(Beginning of Data shown)
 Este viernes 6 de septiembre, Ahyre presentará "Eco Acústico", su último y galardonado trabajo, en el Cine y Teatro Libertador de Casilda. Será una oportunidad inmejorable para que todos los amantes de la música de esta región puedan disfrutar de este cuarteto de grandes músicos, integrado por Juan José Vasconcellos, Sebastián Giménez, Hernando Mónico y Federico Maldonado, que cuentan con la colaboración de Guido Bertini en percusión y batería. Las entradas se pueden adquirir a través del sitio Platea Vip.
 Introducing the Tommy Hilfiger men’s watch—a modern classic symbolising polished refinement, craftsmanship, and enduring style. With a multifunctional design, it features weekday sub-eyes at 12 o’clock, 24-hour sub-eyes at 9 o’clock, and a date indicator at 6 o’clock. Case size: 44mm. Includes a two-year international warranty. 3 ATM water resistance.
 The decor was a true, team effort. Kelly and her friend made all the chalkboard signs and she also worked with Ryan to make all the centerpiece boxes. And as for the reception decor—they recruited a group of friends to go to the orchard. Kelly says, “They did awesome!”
(End of Data shown)
(Beginning of Data shown)
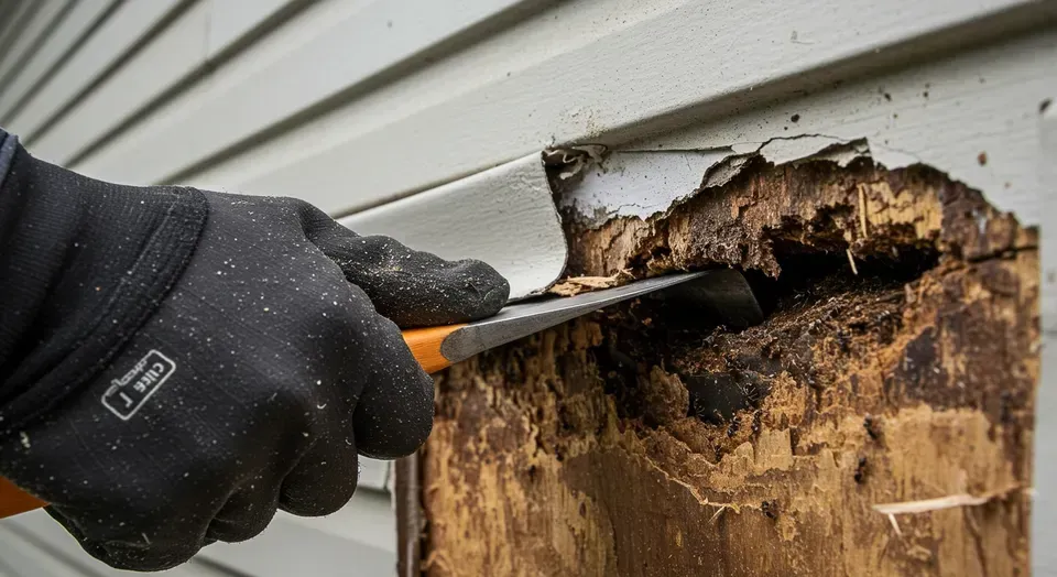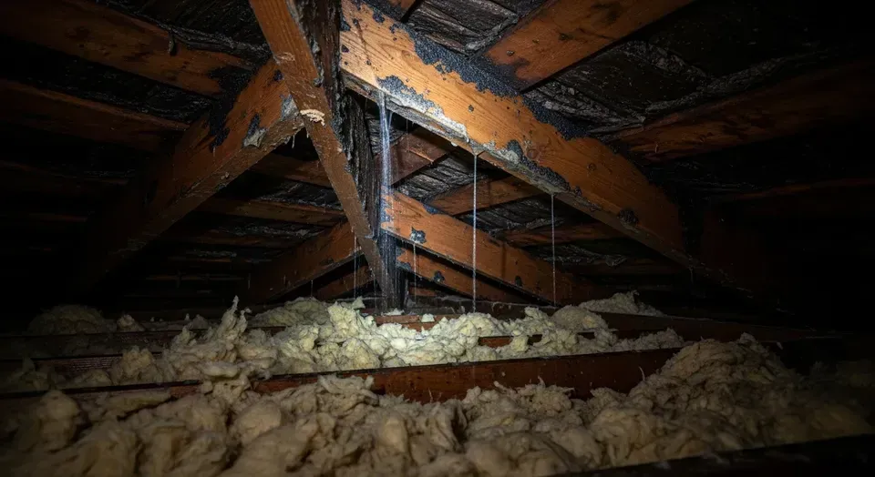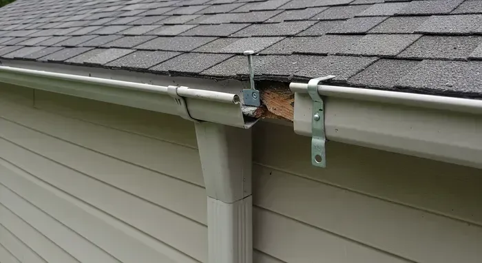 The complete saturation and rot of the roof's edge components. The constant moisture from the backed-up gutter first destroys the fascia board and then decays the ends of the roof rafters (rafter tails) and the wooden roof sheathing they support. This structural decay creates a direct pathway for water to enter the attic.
(End of Data shown)
▶ **Exercise**
Within the listing above, the range opens at the line with "Introducing the Tommy" and closes at the line with "The decor was". Reproduce exactly the lines of that range, including both ends.

▶ **Answer**
 Introducing the Tommy Hilfiger men’s watch—a modern classic symbolising polished refinement, craftsmanship, and enduring style. With a multifunctional design, it features weekday sub-eyes at 12 o’clock, 24-hour sub-eyes at 9 o’clock, and a date indicator at 6 o’clock. Case size: 44mm. Includes a two-year international warranty. 3 ATM water resistance.
 The decor was a true, team effort. Kelly and her friend made all the chalkboard signs and she also worked with Ryan to make all the centerpiece boxes. And as for the reception decor—they recruited a group of friends to go to the orchard. Kelly says, “They did awesome!”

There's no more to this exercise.